We mix the handling for both sane_behavior and !sane_behavior in the
same function, and it's quite messy, so split into two functions.

Signed-off-by: Li Zefan <lizefan@huawei.com>
---
 kernel/cpuset.c | 118 ++++++++++++++++++++++++++++++--------------------------
 1 file changed, 63 insertions(+), 55 deletions(-)

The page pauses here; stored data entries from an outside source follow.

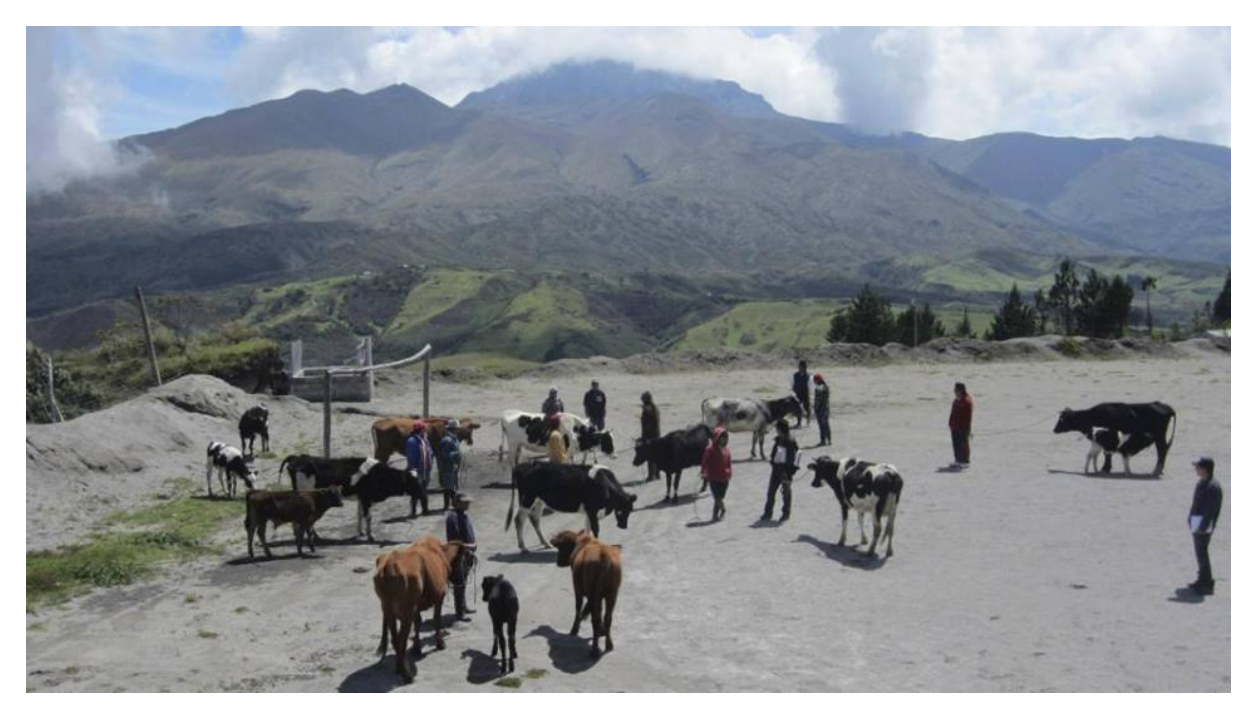
The early days of Plan Moo in Ecuador

Once our current projects are 100% sustainable we will identify further communities in need of education and implement sustainable income plans to cover these costs in the future.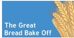
The Great Bread Bake Off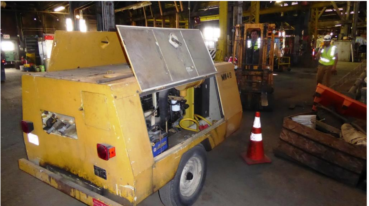
Weston on the forklift moves the tire-mounted air-compressor back to it's special place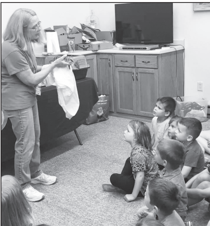
Summer reading at the CTDL is still in full swing, the kids enjoyed a visit from Scovill Zoo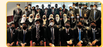
Look East Policy 40th batch students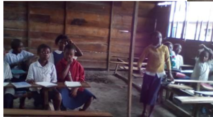
Hundreds of destitute children now attend school for the first time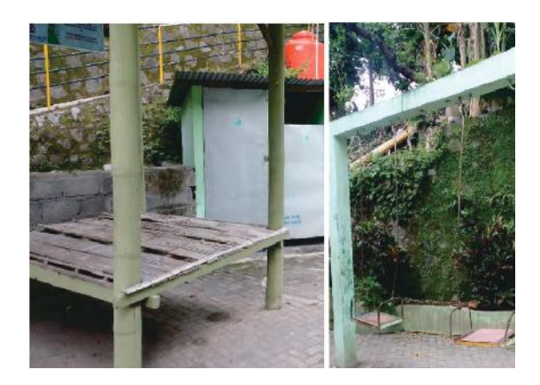
Figure 6. Swing with Iron material and wood that started to decay may cause danger to the children (Source: Saptorini, 2015).

The available facilities or equipment for playing are quite various such as swing, slides, swimming pool, etc. that have become the favorite among the children. The swing (Figure 6) is made of frame with iron material and wooden seat. However, the metal that supposed to move in dynamic style is yet rot and corrosive. The seat is also decayed that may potentially cause accident. This also happened to the slides in the swimming pool (figure 7). The seat started to decay because of exposure to sun and rain that make it not safe for children. The slides also do not have railing so it is a bit dangerous for children to slide in group.

diff --git a/kernel/cpuset.c b/kernel/cpuset.c
index e47115e..cefc8f4 100644
--- a/kernel/cpuset.c
+++ b/kernel/cpuset.c
@@ -2186,6 +2186,65 @@ static void remove_tasks_in_empty_cpuset(struct cpuset *cs)
 	}
 }
 
+static void hotplug_update_tasks_insane(struct cpuset *cs,
+					struct cpumask *off_cpus,
+					nodemask_t *off_mems)
+{
+	bool is_empty;
+
+	mutex_lock(&callback_mutex);
+	cpumask_andnot(cs->cpus_allowed, cs->cpus_allowed, off_cpus);
+	cpumask_andnot(cs->effective_cpus, cs->effective_cpus, off_cpus);
+	nodes_andnot(cs->mems_allowed, cs->mems_allowed, *off_mems);
+	nodes_andnot(cs->effective_mems, cs->effective_mems, *off_mems);
+	mutex_unlock(&callback_mutex);
+
+	/*
+	 * Don't call update_tasks_cpumask() if the cpuset becomes empty,
+	 * as the tasks will be migratecd to an ancestor.
+	 */
+	if (!cpumask_empty(off_cpus) && !cpumask_empty(cs->cpus_allowed))

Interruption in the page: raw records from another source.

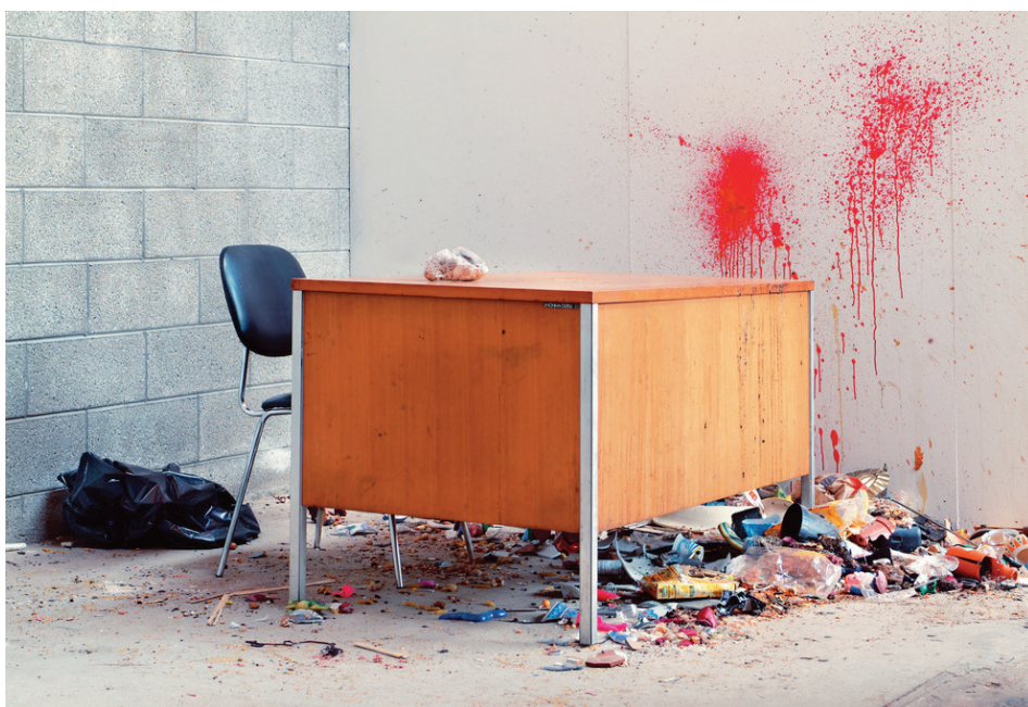
Jimmie DURHAM, Smashing , 2005 Video, duration : 92'00'' Frac Champagne-Ardenne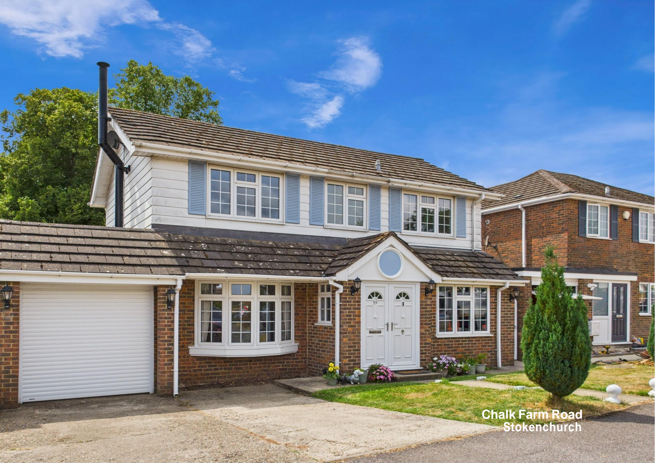
Chalk Farm Road Stokenchurch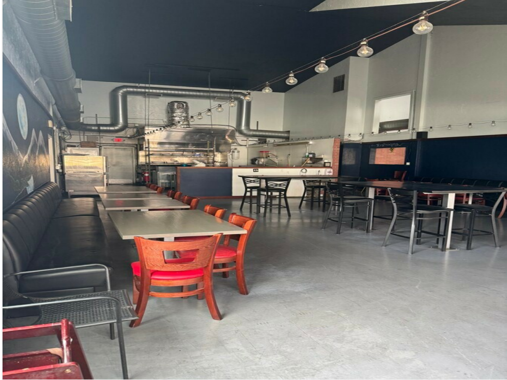
471 S A - Dining Hall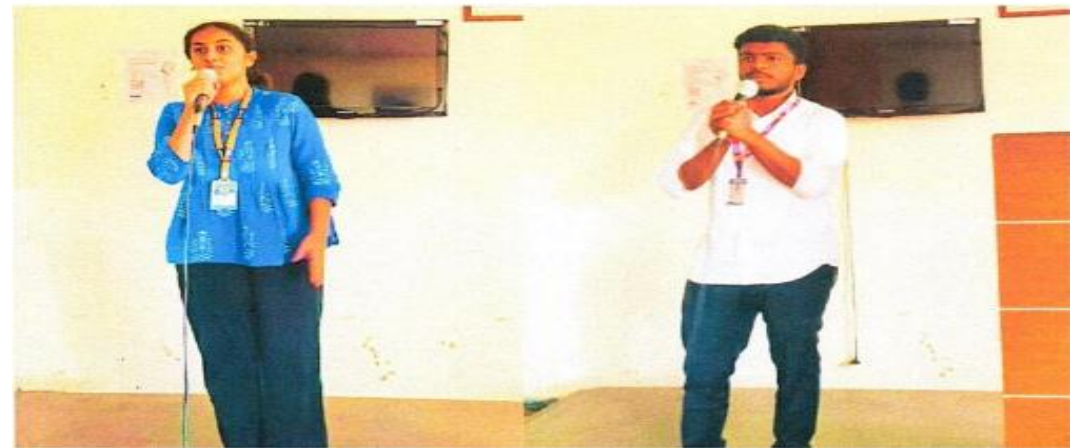
The Elocution Competition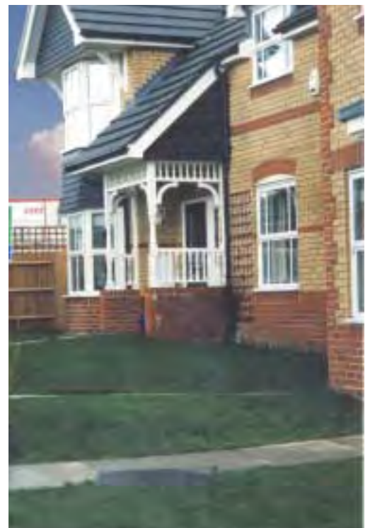
45. Porch and gable at Goat Lees

All dwellings are in clusters of quiet culs-de-sac [26] which are beginning to form their own neighbourhood identities and sense of place within the development as a whole. The new homes simulate various building periods popular with the developers' current design book, which may not necessarily mirror the property designs in the locality. Nevertheless, the layouts have a degree of visual interest avoiding monotony with some attractive integrated groupings around semi-private places [26]. Roof lines are at various heights and three storey homes have dormer windows [20, 60]. Most frontages are open-plan [26], creating visual space and consistency through blended planting. On the town houses there are attractive railings [20] to frontages maintaining the town style and supplementing the urban to rural transition.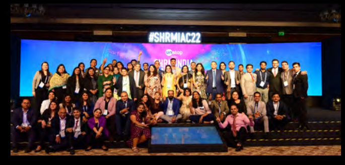
SHRM India staff at SHRM India Annual Conference 2022

The SHRM MENA Annual Conference featured the launch of BWCC 2023 competition, which announced a new Member Track, exclusive to SHRM members who are entry-level to midlevel HR professionals. In 2023, SHRMLabs aims to reach even more workplace tech startups and HR professionals globally.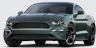
Dark Highland Green

10 minutes and 53 seconds. That's all it took for the New MUSTANG to drive into cinematic history and become an icon for generations to come. 50 years after what critics call one of the best car chase scenes of all time, the legend is back. In all its glory, power and prestige, the 50th anniversary edition MUSTANG BULLITT is here.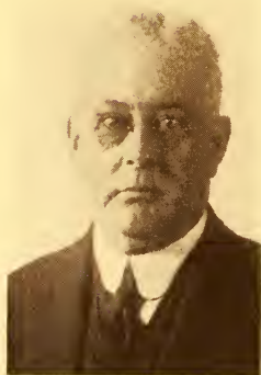
Edmund C. Tarbell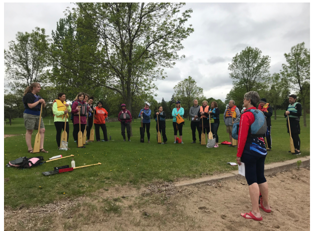
Open paddle, May 23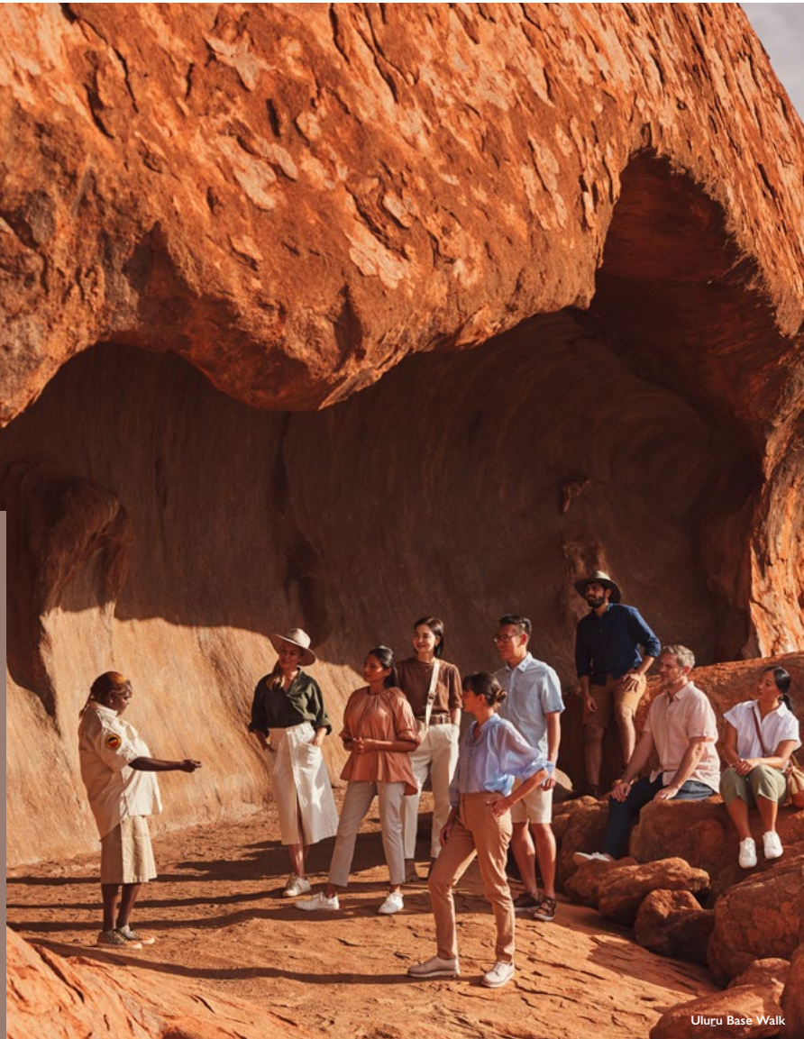
Uluru Base Walk

+		update_tasks_cpumask(cs, NULL);
+	if (!nodes_empty(*off_mems) && !nodes_empty(cs->mems_allowed))
+		update_tasks_nodemask(cs, NULL);
+
+	is_empty = cpumask_empty(cs->cpus_allowed) ||
+		   nodes_empty(cs->mems_allowed);
+
+	mutex_unlock(&cpuset_mutex);
+
+	/*
+	 * Move tasks to the nearest ancestor with execution resources,
+	 * This is full cgroup operation which will also call back into
+	 * cpuset. Should be done outside any lock.
+	 */
+	if (is_empty)
+		remove_tasks_in_empty_cpuset(cs);
+
+	mutex_lock(&cpuset_mutex);
+}
+
+static void hotplug_update_tasks_sane(struct cpuset *cs,
+				      struct cpumask *off_cpus,
+				      nodemask_t *off_mems)
+{
+	mutex_lock(&callback_mutex);
+	cpumask_andnot(cs->effective_cpus, cs->effective_cpus, off_cpus);
+	if (cpumask_empty(cs->effective_cpus))
+		cpumask_copy(cs->effective_cpus,
+			     parent_cs(cs)->effective_cpus);
+
+	nodes_andnot(cs->effective_mems, cs->effective_mems, *off_mems);
+	if (nodes_empty(cs->effective_mems))
+		cs->effective_mems = parent_cs(cs)->effective_mems;
+	mutex_unlock(&callback_mutex);
+
+	if (!cpumask_empty(off_cpus))
+		update_tasks_cpumask(cs, NULL);
+	if (!nodes_empty(*off_mems))
+		update_tasks_nodemask(cs, NULL);
+}
+
 /**
  * cpuset_hotplug_update_tasks - update tasks in a cpuset for hotunplug
  * @cs: cpuset in interest
@@ -2198,9 +2257,6 @@ static void cpuset_hotplug_update_tasks(struct cpuset *cs)
 {
 	static cpumask_t off_cpus;
 	static nodemask_t off_mems;
-	bool is_empty;
-	bool sane = cgroup_sane_behavior(cs->css.cgroup);
-
 retry:
 	wait_event(cpuset_attach_wq, cs->attach_in_progress == 0);
 
@@ -2218,60 +2274,12 @@ retry:
 	cpumask_andnot(&off_cpus, cs->effective_cpus, top_cpuset.effective_cpus);
 	nodes_andnot(off_mems, cs->effective_mems, top_cpuset.effective_mems);
 
-	mutex_lock(&callback_mutex);
-	if (!sane)
-		cpumask_andnot(cs->cpus_allowed, cs->cpus_allowed, &off_cpus);
-
-	/* Inherit the effective mask of the parent, if it becomes empty. */
-	cpumask_andnot(cs->effective_cpus, cs->effective_cpus, &off_cpus);
-	if (sane && cpumask_empty(cs->effective_cpus))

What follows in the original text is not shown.